Aim of the exercise => When you reach the line containing "El equipo desarrollado" in the entries below, begin reproducing lines exactly, and stop once the line containing "Fotoclub G. Anghileri, Valmadrera" is done.

Records for processing =>
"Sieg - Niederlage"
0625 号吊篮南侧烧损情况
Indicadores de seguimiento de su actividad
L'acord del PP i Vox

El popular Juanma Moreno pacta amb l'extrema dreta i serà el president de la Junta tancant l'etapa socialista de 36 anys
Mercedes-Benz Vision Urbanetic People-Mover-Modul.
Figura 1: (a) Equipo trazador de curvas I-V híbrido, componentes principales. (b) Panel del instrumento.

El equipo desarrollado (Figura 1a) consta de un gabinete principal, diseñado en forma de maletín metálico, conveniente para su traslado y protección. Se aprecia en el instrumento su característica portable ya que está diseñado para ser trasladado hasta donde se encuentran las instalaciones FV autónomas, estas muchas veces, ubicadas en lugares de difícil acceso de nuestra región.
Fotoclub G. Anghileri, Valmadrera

* * *

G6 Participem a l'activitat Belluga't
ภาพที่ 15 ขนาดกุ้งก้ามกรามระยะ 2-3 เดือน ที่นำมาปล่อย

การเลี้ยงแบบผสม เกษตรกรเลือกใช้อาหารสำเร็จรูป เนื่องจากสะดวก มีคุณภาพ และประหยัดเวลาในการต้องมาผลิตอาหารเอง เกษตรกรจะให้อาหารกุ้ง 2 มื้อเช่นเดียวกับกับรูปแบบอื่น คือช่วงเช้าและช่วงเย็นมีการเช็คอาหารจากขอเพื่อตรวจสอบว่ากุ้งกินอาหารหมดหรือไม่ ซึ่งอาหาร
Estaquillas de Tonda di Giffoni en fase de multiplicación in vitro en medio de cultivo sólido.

Completed task =>
El equipo desarrollado (Figura 1a) consta de un gabinete principal, diseñado en forma de maletín metálico, conveniente para su traslado y protección. Se aprecia en el instrumento su característica portable ya que está diseñado para ser trasladado hasta donde se encuentran las instalaciones FV autónomas, estas muchas veces, ubicadas en lugares de difícil acceso de nuestra región.
Fotoclub G. Anghileri, Valmadrera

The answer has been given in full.